Delta Air Lines is reintroducing daily service to Reykyavik beginning in May. The news comes just two weeks after Iceland reopened its borders to vaccinated tourists.
On March 29, the Atlanta-based carrier announced that it will offer daily flights to Keflavik International Airport from:
- John F. Kennedy International Airport beginning May 1
- Boston Logan International Airport beginning May 20
- Minneapolis-St. Paul International Airport beginning May 27
JFK passengers will travel on the 168-seat Boeing 757-200 aircraft, which have Delta One sleeping suites, Delta Comfort+ service and economy seats. Boston and Minneapois-St. Paul passengers will travel on the 193-seat Boeing 757-200 aircraft, which have Delta Premium Select, Delta Comfort+ and economy seating.

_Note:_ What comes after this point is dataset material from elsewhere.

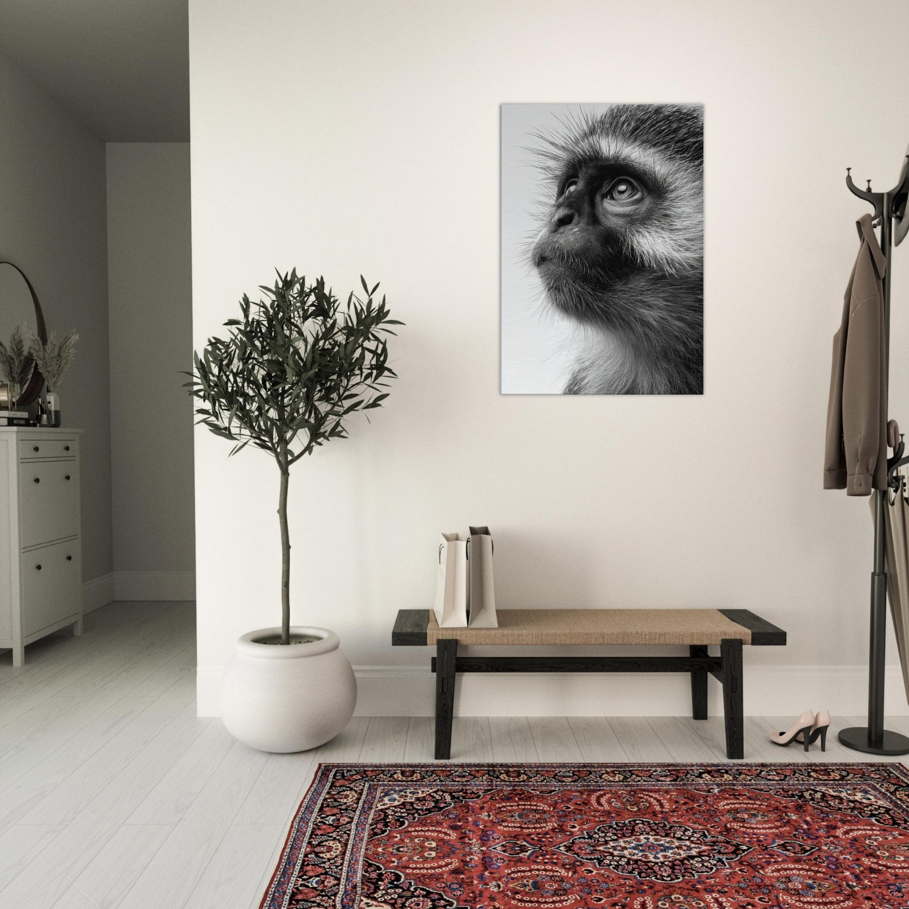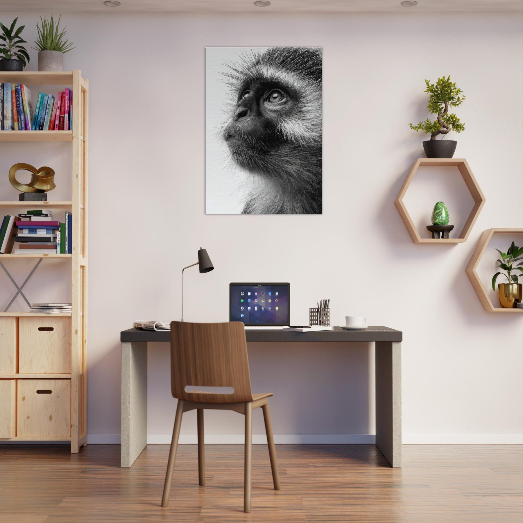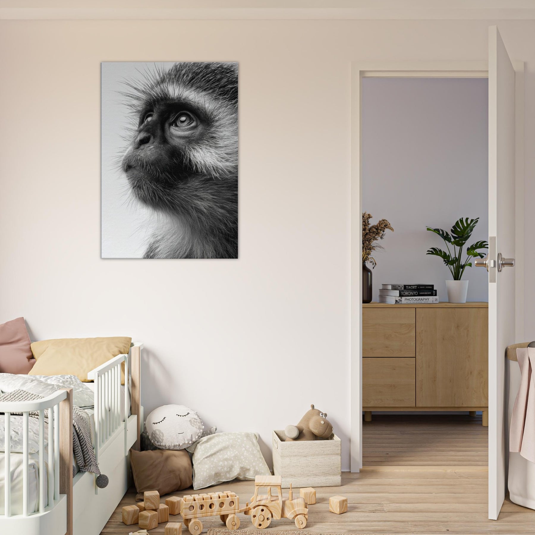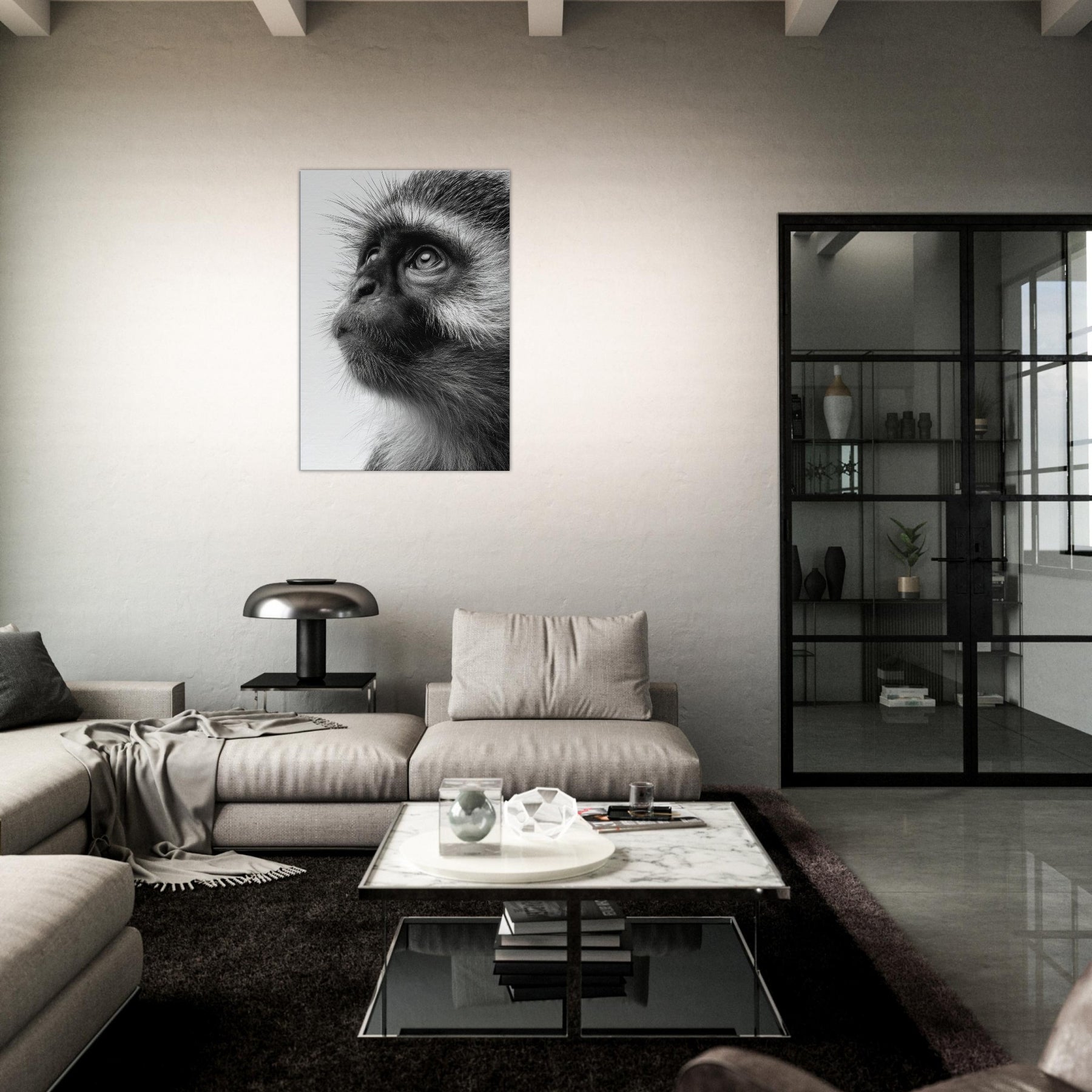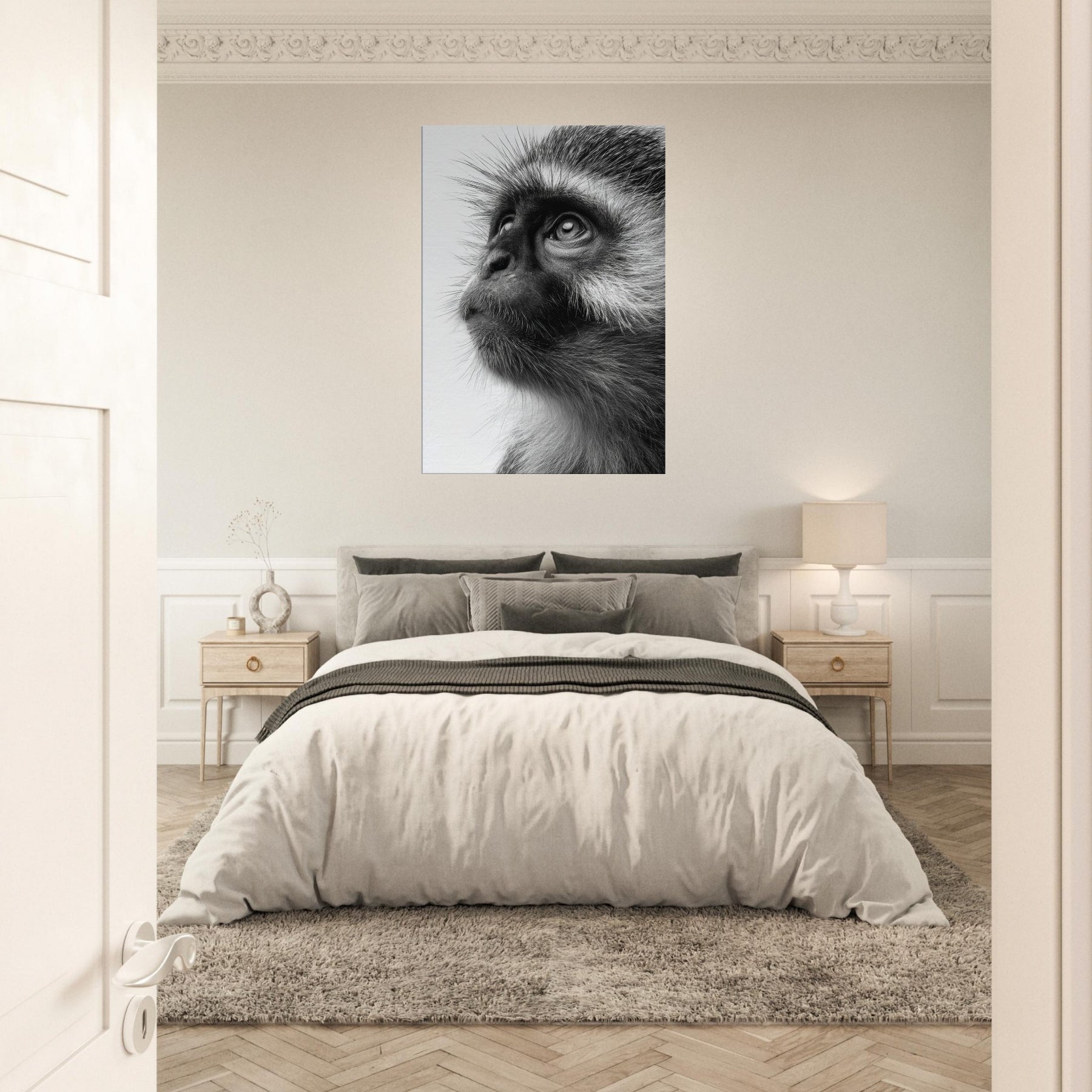 Precise, intimate, and quietly powerful, this black and white study centers a Monkey whose gaze invites you to pause. The contrast of fur texture and shadow creates a sculpture like presence, turning a wall into a contemplative moment. In living spaces, its restrained elegance pairs with clean lines and neutral palettes, adding depth without shouting. This piece invites reflection, making a room feel more sure, more alive as if a moment of wild wonder could live on your wall.

All flights will be operated in partnership with Air France-KLM and Virgin Atlantic.
On March 18, Iceland began allowing all tourists who have been vaccinated against COVID-19 to enter the country without quarantine or testing.
In order gain entry, travelers must prove that they have been fully inoculated with a vaccine that has been approved by the European Medicines Agency. Approved vaccines include:
- Johnson & Johnson
Pfizer-BioNTech, Moderna and AstraZeneca require two separate doses to reach full inoculation. Johnson & Johnson requires one dose.
Iceland is also allowing all travelers who can prove they have been previously infected with the coronavirus to enter the country without restriction.
While Americans don’t have to get a COVID-19 test to enter Iceland, they will have to present proof of a negative COVID-19 test result obtained within 72 hours of departure upon their return to the United States. Delta also requires all passengers ages two and up to wear masks.
Travelers should feel fairly safe visiting Iceland. When COVID-19 began to spread around the world in early 2020, the country immediately implemented an aggressive testing, contact tracing and isolation plan to contain the virus.
As a result, Iceland has reported just 29 coronavirus-related deaths since the pandemic began, and there were only 20 active COVID-19 cases in the country as of mid-March.